Organizational Design of the Carbon Conservation Trust Movement
The carbon trust network will function within a multi-level organizational framework to implement demonstrated methods of carbon conservation. At the highest level, a national Association of Carbon Conservation Trusts (ACCT) will provide the carbon trust community with expertise and training to fulfill the following purposes:
· Advocacy: Build awareness and support for carbon conservation and promote legal and policy reforms that accelerate the movement.
· Standard-setting: Formulate performance standards and best practices for the carbon trust community.
· Education & Training: Build capacity through skills training and leadership development for carbon protectors and educate carbon asset holders.
· Convening: Gather the carbon trust network and other allies in the carbon conservation community for mutual learning, movement building, and expanding shared interests.
· Governance: Enlist and accredit new carbon trusts, coordinate the carbon trust network, including accountability for performance standards and enforcement in the event of ethical lapses (Figure 10).
At the heart of the system will be independently chartered carbon trusts established and managed at the local and regional levels. These carbon trusts will operate as a network, sharing experiences and providing feedback to the ACCT regarding guiding principles, best practices, and training materials. Their primary mission will be to conserve carbon through acquiring and protecting a legal interest in carbon sinks (i.e., BCRs, LCRs). These carbon reserves will be acquired, held, and defended by individual carbon trusts with ACCT support.
Founders’ Conference and Process for Launching Model Carbon Trust
We propose that a founders’ conference be convened to establish the ACCT. Through engagement with a broad spectrum of stakeholders, a steering committee will prepare a draft ACCT charter for consideration, amendment, and approval at the conference. The charter documents will include a mission statement, articles of incorporation, bylaws, and the organization’s guiding principles.
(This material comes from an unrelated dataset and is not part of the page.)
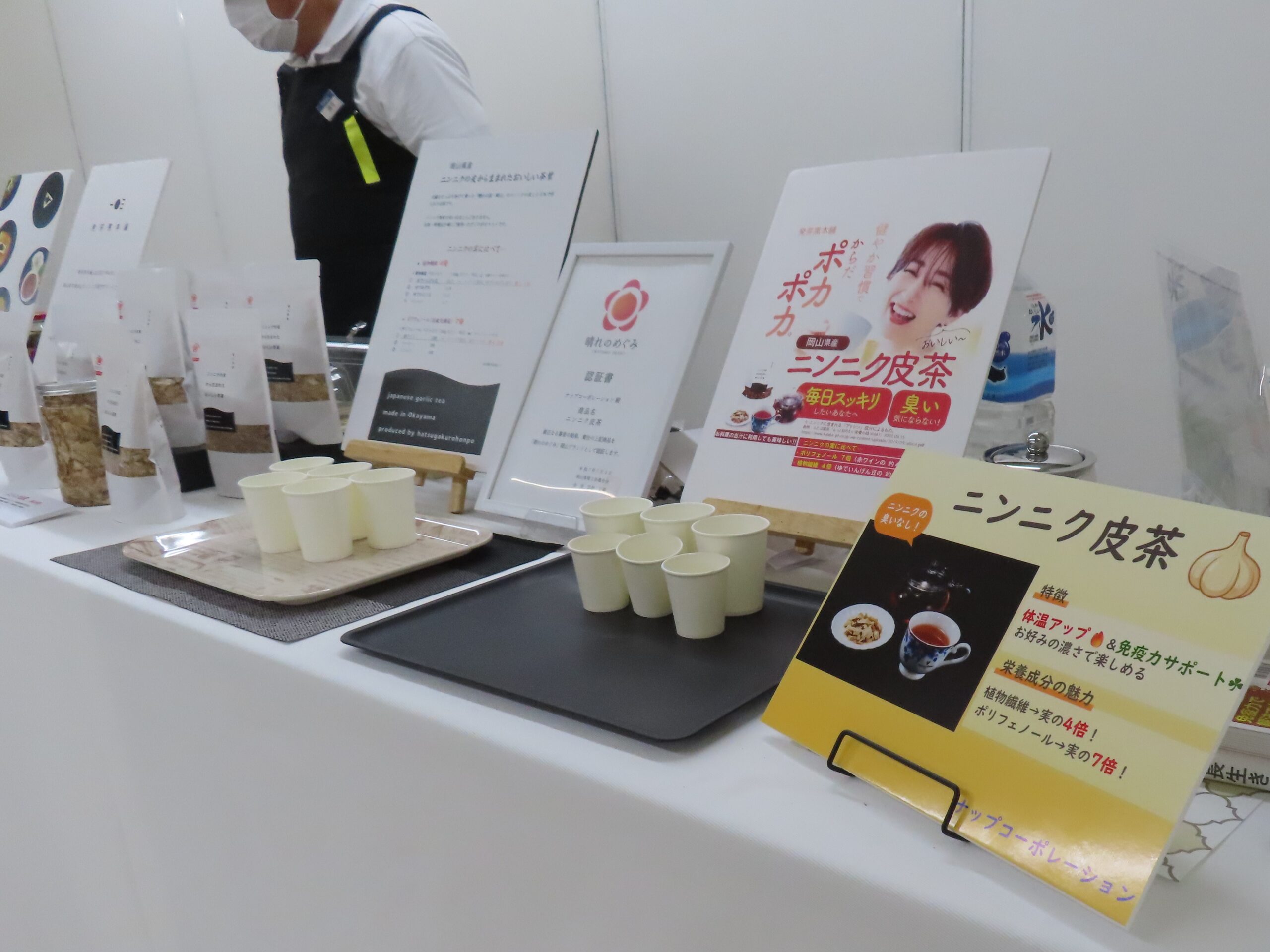 特に今年度は、「ニンニク皮茶」の「晴れのめぐみ」岡山ブランドへの認定をいただきました。岡山県商工会連合会が発刊するバイヤー向け加工食品カタログへの次年度版への掲載、商工会マルシェの出展、食と雑貨の展示商談会へ参加予定もあり、販路開拓事業を利用させてもらっています。

The ACCT will serve as the accrediting body to charter local/regional carbon trusts. In this way, the system will likely reflect dual sovereignty between individual carbon trusts and the ACCT. The ACCT will provide a sturdy organizational design for policymaking, finance, administration, and dispute resolution. Following local conditions, carbon trusts will have considerable freedom to operate within the ACCT framework, subject to accountability for meeting ethical standards and for transparency when reporting results.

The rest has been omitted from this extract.